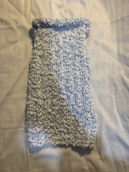 | トイプードルの愛犬用に作りました。 サイズが思ったよりもだいぶ小さくなってしまいました… 大きくして再チャレンジします。 特徴はメリヤス編みのくるんとした襟があるところです。 2×1のリブで作ったけど普通に1×1もしくは2×2でよかったかなと思っています。 あと、お尻部分は真っ直ぐだと寂しいのでかぎ針とかで付け足した方が可愛く仕上がりそうです。 |
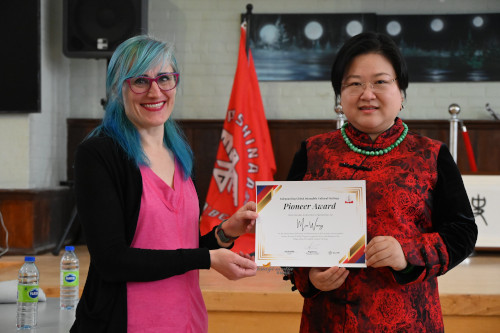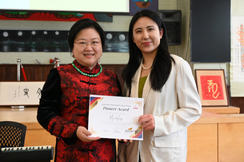 展览现场,加拿大中国书画院院长石介与常务副院长毕云来为嘉宾和观众详细讲解了每幅作品的创作背景和艺术特色。来自世界各地的书法名家也纷纷分享了自己的创作心得和对书法艺术的理解。论坛期间,ICH执行董事兼GCHN主席Angela Liu为专程从北京赶来的中国三百年中医世家传承人、中国国家一级艺术大师、萨王大熊猫文化创始人王敏颁发了“Pioneer Award”,以表彰其在非物质文化遗产保护和传承方面的突出贡献。
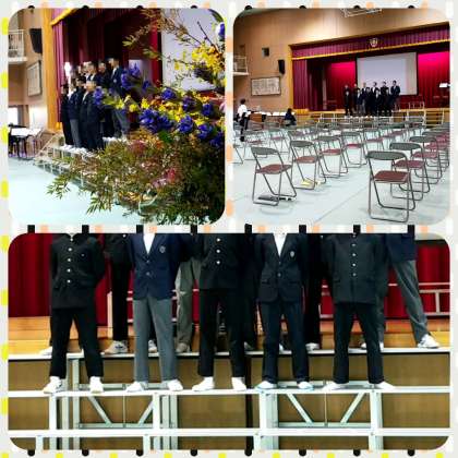 舞台発表のクラスが体育館でリハーサルを行っています。学級での練習の成果がこのリハーサルでも発揮できるか。
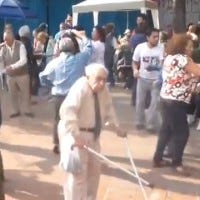 In a viral video, this elderly man throws away his crutches to feel the beat.
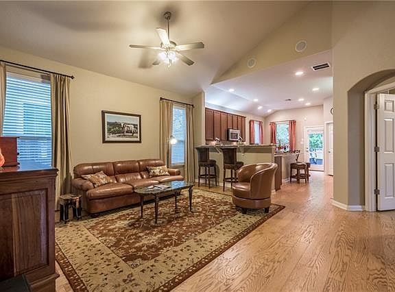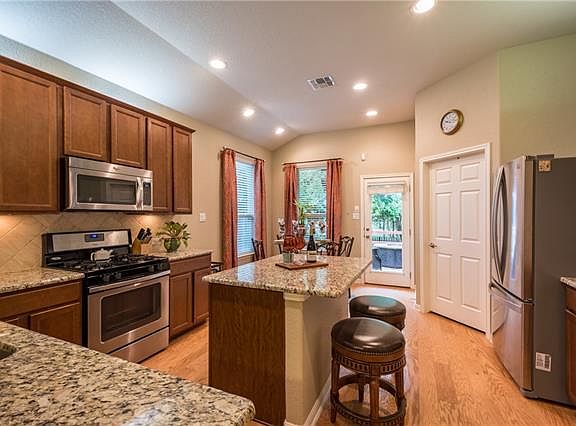 This amazingly upgraded and maintained single story home sits on a premium lot. Features include open kitchen, stainless steel, all granite counter tops with center island, Whirlpool appliances, ceiling fans in bedrooms, study and living room. Master bath has walk-in shower. One of the bedrooms could be an office. Wired for surround sound. Custom patio with fire table and rock columns, wired for TV with outside speakers. Backs to greenbelt with great trees. HOA covers exterior irrigation, landscaping.
========================================
#### Exercise instructions:
Write out, word for word, the lines running from the one containing "舞台発表のクラスが体育館でリ" to the end of the data above; the pictures are to be left out.

#### Answer section:
 舞台発表のクラスが体育館でリハーサルを行っています。学級での練習の成果がこのリハーサルでも発揮できるか。
 In a viral video, this elderly man throws away his crutches to feel the beat.
 This amazingly upgraded and maintained single story home sits on a premium lot. Features include open kitchen, stainless steel, all granite counter tops with center island, Whirlpool appliances, ceiling fans in bedrooms, study and living room. Master bath has walk-in shower. One of the bedrooms could be an office. Wired for surround sound. Custom patio with fire table and rock columns, wired for TV with outside speakers. Backs to greenbelt with great trees. HOA covers exterior irrigation, landscaping.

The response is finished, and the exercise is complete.